Empat tahun setelah mimpi indah Maroko di Piala Dunia Qatar dipupus Prancis di semifinal, kedua tim kembali bersua di Boston, Kamis (27/3) dini hari WIB, dalam laga perempat final yang tidak hanya mempertaruhkan tiket ke semifinal, tetapi juga harga diri dan pembuktian bahwa capaian 2022 bukanlah kebetulan belaka.
Pada 2022, Maroko menjadi negara Afrika dan Arab pertama yang menembus semifinal Piala Dunia. Kekalahan 0-2 dari Prancis di Al Bayt Stadium meninggalkan luka yang belum sembuh. “Ini laga balas dendam, terutama bagi pemain yang merasakan kekalahan itu,” ujar jurnalis olahraga Maroko, Hamza Shteiwy. “Mereka ingin melunasi utang, untuk diri sendiri dan tim.”
Namun, atmosfer kali ini berbeda. Jika empat tahun lalu Maroko datang sebagai pemimpi, kini mereka hadir sebagai penantang serius. “Ekspektasi publik jauh lebih tinggi. Capaian di bawah semifinal tidak akan dianggap sebagai prestasi,” tambah Shteiwy. Keyakinan itu bukan nostalgia kosong. Tim U-20 Maroko telah menjuarai Piala Dunia U-20, tim senior meroket ke peringkat keenam FIFA, dan Federasi Sepak Bola Kerajaan Maroko (RMFF) menuai hasil investasi jangka panjang di pembinaan usia muda. “Apa yang terjadi di Qatar bukanlah keberuntungan,” tegas jurnalis veteran Hameed Bel Hassan. “Itu hasil perencanaan strategis bertahun-tahun. Ini proyek nasional.”

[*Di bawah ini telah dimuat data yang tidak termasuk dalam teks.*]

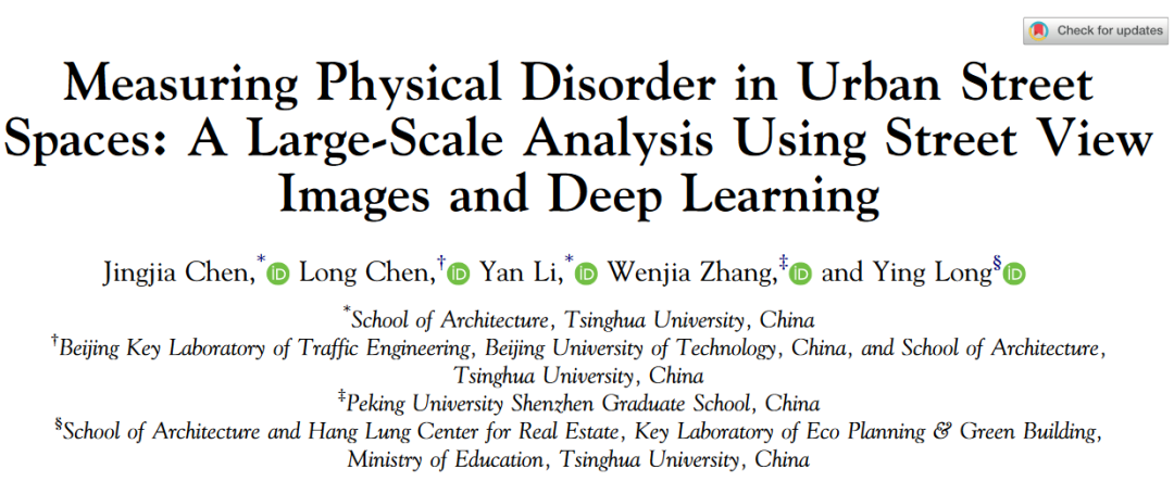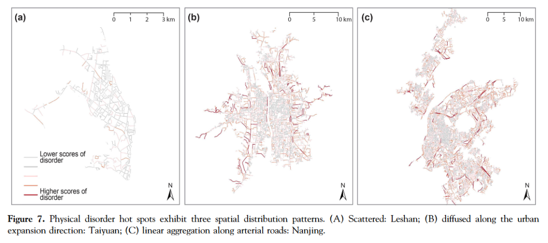 题目:Measuring Physical Disorder in Urban Street Spaces: A Large-Scale Analysis Using Street View Images and Deep Learning期刊:Annals of the American Association of GeographersDOI:https://doi.org/10.1080/24694452.2022.2114417物理失序与经济表现、公共卫生和社会稳定的负面结果有关,例如财产贬值、精神压力、恐惧和犯罪。有限但不断增长的文献考虑了城市空间中的物理失序,尤其是在精细尺度上识别物理失序的主题。然而,目前还没有有效且可复制的方法来以低成本在大范围内精细测量物理失序。为了填补这一空白,本文提出了一种方法,利用大量街景图像作为虚拟审计的输入数据,并使用深度学习模型来定量测量城市街道空间的物理失序。据我们所知,在中国城市超过 70 万条街道上实施这一方法的结果验证了该方法的有效性和效率,据我们所知,这是全球首次尝试量化如此大的城市地区的物理混乱。通过对中国的大规模实证分析,本文做出了一些理论贡献。首先,我们扩展了以前在美国研究中被忽视的物理失序因素。其次,我们发现城市物理失序呈现出分散型、分散型和线性集中型三种典型的空间分布格局,这为揭示城市物理失序的发展趋势和进行空间干预提供了参考。最后,我们对物理失序和街道特征之间的回归分析确定了可能影响物理失序的因素,从而丰富了理论基础。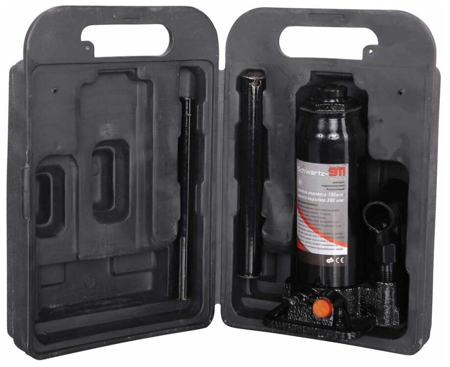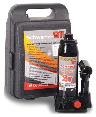 Домкрат SCHWARTZ-911 позволяет осуществлять плавный подъем и опускание груза при небольшом усилии. Высота подъема – 345 мм. Широкая симметричная опорная площадка обеспечивает высокую устойчивость домкрата. Предохранительный клапан защищает от перегрузки и делает модель безопасной.

Di atas kertas, Prancis tetap unggul. Dengan Kylian Mbappé sebagai ujung tombak, Les Bleus tampil cair dan efisien. Namun, Maroko percaya pada kekuatan kolektif. “Lini tengah kami seimbang. Jika bisa menekan awal seperti saat melawan Brasil, kami bisa merepotkan,” ujar Shteiwy. Lebih dari taktik, Maroko mengandalkan ikatan emosional yang unik: kehadiran ibu-ibu pemain di stadion. Kebijakan RMFF yang mendatangkan ibu pemain ke turnamen besar dinilai sebagai “strategi dukungan psikologis paling efektif” oleh Presiden RMFF Fouzi Lekjaa. Pelukan Achraf Hakimi dengan ibunya setelah setiap laga di Qatar menjadi ikon. Di turnamen ini, Ismael Saibari langsung berlari ke tribun memeluk ibunya usai mencetak penalti kemenangan lawan Belanda. “Doa seorang ibu, tidak ada yang bisa menandinginya,” kata Bel Hassan.
Laga ini juga sarat muatan sejarah. Prancis dan Maroko terikat masa lalu kolonial yang rumit, dengan diaspora Maroko terbesar di Eropa berada di Prancis. Beberapa pemain Maroko seperti Hakimi dan Sofiane Boufal memilih membela negara leluhur ketimbang Prancis, meski sempat masuk pembinaan muda Les Bleus. “Mereka akan bermain dengan perasaan kuat dan ingin membuktikan diri,” ujar Shteiwy. Duel Hakimi vs Mbappé, rekan setim di Paris Saint-Germain yang kini menjadi rival, menjadi simbol narasi identitas tersebut.
Pertanyaan besarnya bukan sekadar apakah Maroko bisa menaklukkan Prancis. Melainkan apakah tim yang mengejutkan dunia di Qatar mampu membuktikan bahwa capaian itu bukan puncak, melainkan fondasi. Jika menang, Maroko tidak hanya melaju ke semifinal, tetapi juga menegaskan bahwa sepak bola Afrika telah memasuki era baru. Jika kalah, mereka setidaknya telah menunjukkan bahwa perjalanan ini baru dimulai.